Sarex Posted August 24, 2014 Posted August 24, 2014 Those things should not be getting rewarded with a limited resource like XP in a closed system where there is a finite amount of XP you can ever get (and where you can lock yourself out from getting it). I am pretty confident the designers would agree with me on this one, the potential to gimp yourself forever is just too great. Reward those players with extra money or achievements or loot or something, but not XP. Again the problem is that there's no way to make up for it later. If I do the noble's daughter quest and rush to the end (even unwittingly, which is easy to do, I did the first time I got it, finding the cultist lair on accident and before going to see the ogre) there is now no way for me to get the extra XP for investigating the case (talking to people etc.). This is totally different than games where you can make up the deficit with grinding or some other way to "go back" and get that "lost" XP. That is all just bad quest design. "because they filled mommy with enough mythic power to become a demi-god" - KP
Answermancer Posted August 24, 2014 Posted August 24, 2014 Reward those players with extra money or achievements or loot or something, but not XP. Just wanted to throw that into the conversation.
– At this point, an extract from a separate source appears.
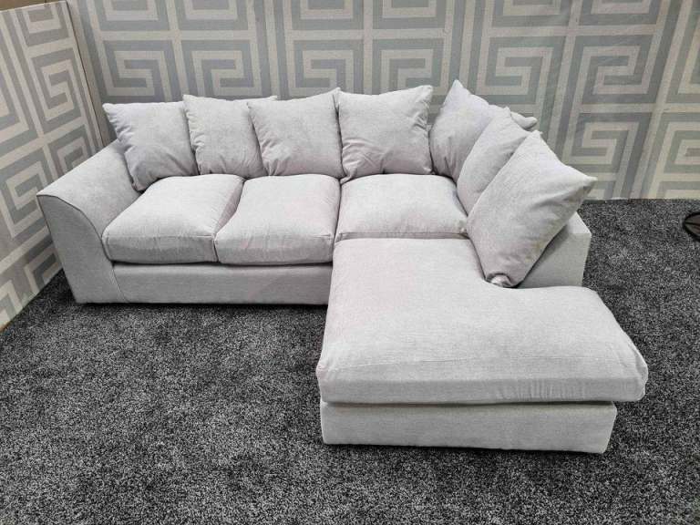Dylan Cream Plush Velvet Corner And 3+2 Seater Sofa unit Delivery Option available

Loot is basicaly XP, at least good loot, because its either a powerfull item or money that can be turned into a powerfull item. Items in RPG's are basicaly stat boosters, means its basicaly equal to a percentage of a level. That also means it is equal to xp. It is an it isn't. The game has ways of crafting and enchanting items to make them good, but an item will not give you all the extra bonuses that a level does. You can buy items with money and that will increase your power, sure, that's why I said reward players with money or things like that. But levels are limited and more significant and your level 6 Wizard won't ever be able to spend money to get to level 7. That's why XP is special and need to be treated carefully. Ultimately I still think you should just make the quest worth 800 XP whether you do every step or skip ahead, but doing every step will get it to you early and potentially you might face the challenge at the end of that quest a level higher than someone who skipped them all. There are probably other solutions for "making up" the XP that you miss out on, and I'd be fine with those too, but I can't believe you guys are seriously advocating for a way for someone to miss out on a significant amount of XP forever due to inexperience or a different playstyle besides "super-completionist".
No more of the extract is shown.